§ WHAT THE TASK ASKS:
Extract, exactly as written, the line that contains "Quần jean Tencel" and all lines after it through the end of the records. Omit pictures.

[PROVIDED RECORDS Boundary: Start]

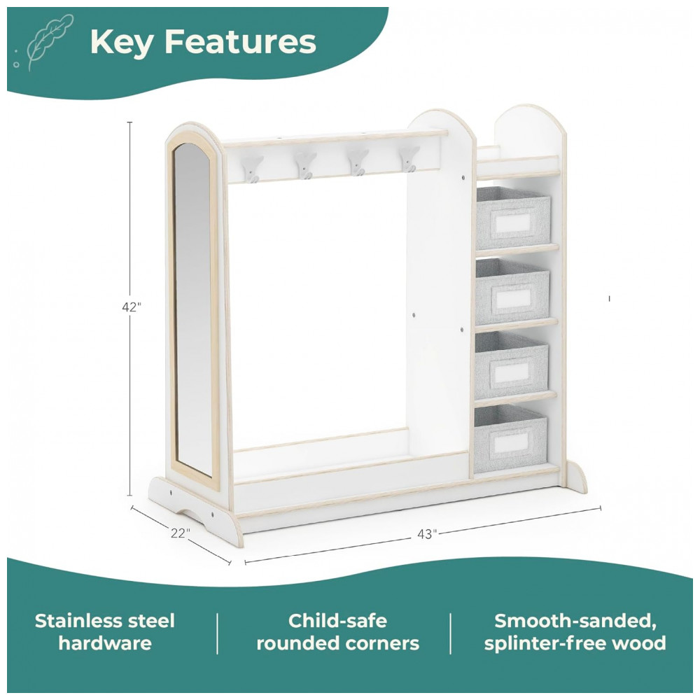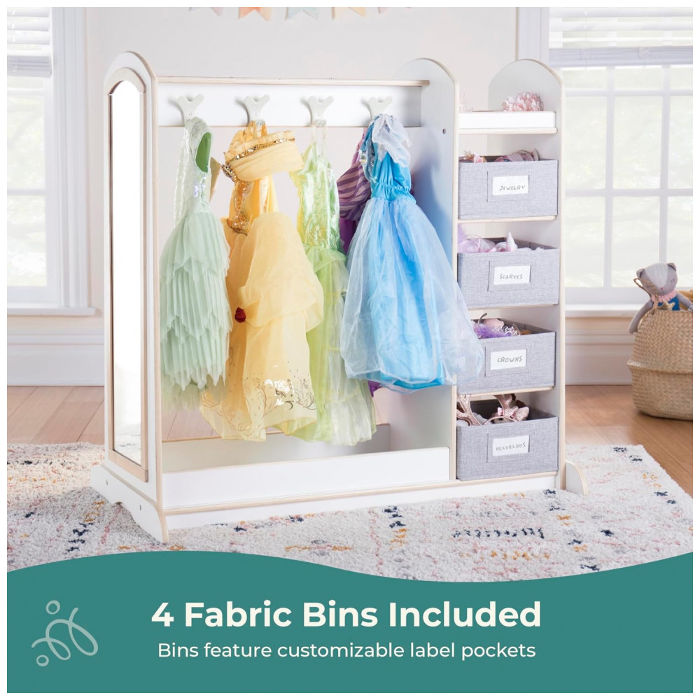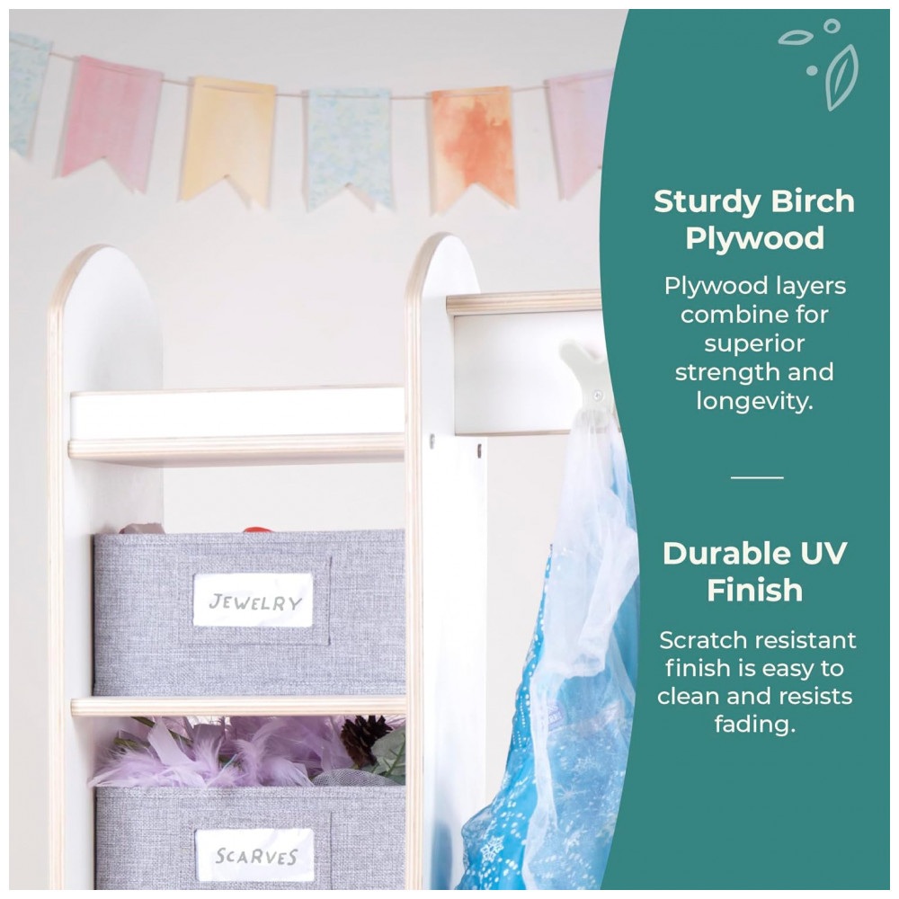 Armário infantil Guidecraft EdQ Dress-up Storage branco com espelho cabideiro ganchos e 4 caixas organizadoras em tecido
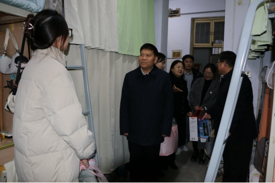 12月13日,校党委副书记吴金山在党委组织部、人文公司、太阳成集团tyc234cc等负责同志陪同下,深入员工宿舍慰问生活困难员工党员,为同学们送去了棉被、保温壶等御寒物资,带去了公司的问候。
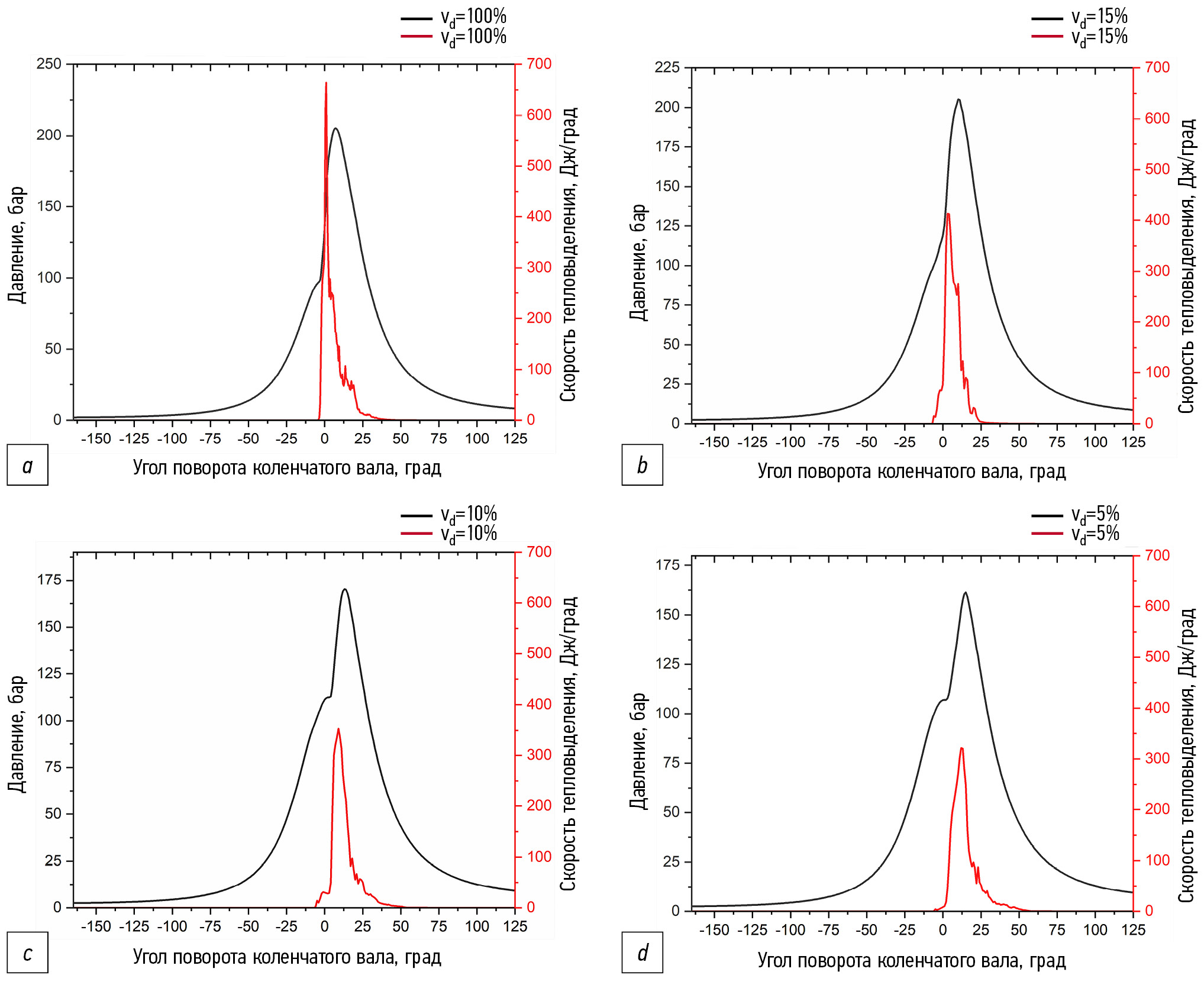 При уменьшении дозы дизельного топлива со 100% до 5% максимальное давление снижается на 26% с 217 бар до 161 бар. При этом также значительно снижается скорость тепловыделения и увеличивается задержка воспламенения на 5 град п.к.в. Величина запальной дозы определяется отношением массы дизельного топлива в двухтопливном режиме, к массе дизельного топлива в дизельном режиме на номинальной мощности .
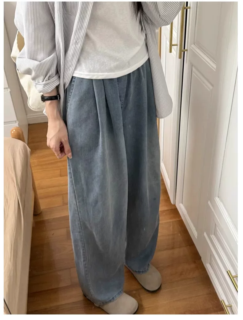 Quần jean Tencel dành cho nữ, kiểu dáng mỏng mùa hè, cỡ lớn, lưng cao, giảm béo, dáng quả lê, nhỏ nhắn, vải lụa băng, quần ống rộng
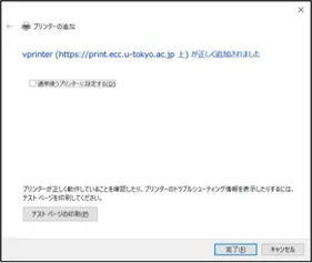 インストールが完了すると,「プリンターの追加」画面に戻ります.「
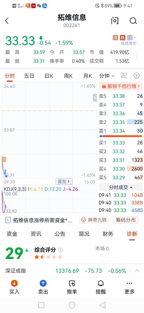 昨天在33.67和33.8抛出4.5成仓拓拓,今天在33.37左右全仓买入。
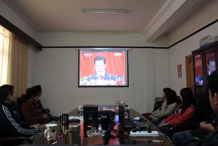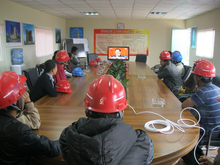 第二直管部龍陵保障性住房項目部15名職工收看十八大開幕式
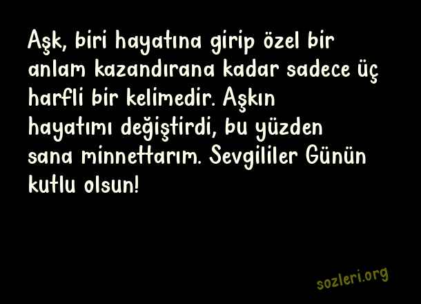 Aşk, biri hayatına girip özel bir anlam kazandırana kadar sadece üç harfli bir kelimedir. Aşkın hayatımı değiştirdi, bu yüzden sana minnettarım. Sevgililer Günün kutlu olsun! ( Erkeğe Sevgililer Günü )
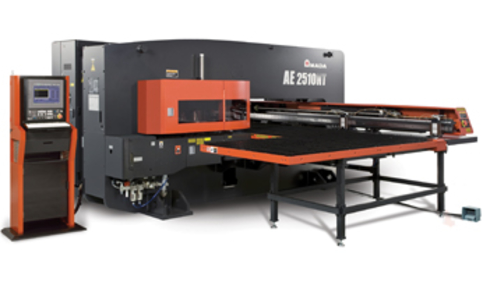 AE-NT シリーズは、ACサーボ・シングルドライブによるタレットパンチプレスであり、AMADA独自の高剛性ブリッジフレームを搭載しています。これにより、高速かつ高精度なパンチング加工を実現しつつ、消費電力を削減できます。4×8フィートの板材に対応しており、省スペース設計でスピードと品質を求める生産現場に最適です。

[PROVIDED RECORDS Boundary: End]

§ TASK RESULT:
 Quần jean Tencel dành cho nữ, kiểu dáng mỏng mùa hè, cỡ lớn, lưng cao, giảm béo, dáng quả lê, nhỏ nhắn, vải lụa băng, quần ống rộng
 インストールが完了すると,「プリンターの追加」画面に戻ります.「
 昨天在33.67和33.8抛出4.5成仓拓拓,今天在33.37左右全仓买入。
 第二直管部龍陵保障性住房項目部15名職工收看十八大開幕式
 Aşk, biri hayatına girip özel bir anlam kazandırana kadar sadece üç harfli bir kelimedir. Aşkın hayatımı değiştirdi, bu yüzden sana minnettarım. Sevgililer Günün kutlu olsun! ( Erkeğe Sevgililer Günü )
 AE-NT シリーズは、ACサーボ・シングルドライブによるタレットパンチプレスであり、AMADA独自の高剛性ブリッジフレームを搭載しています。これにより、高速かつ高精度なパンチング加工を実現しつつ、消費電力を削減できます。4×8フィートの板材に対応しており、省スペース設計でスピードと品質を求める生産現場に最適です。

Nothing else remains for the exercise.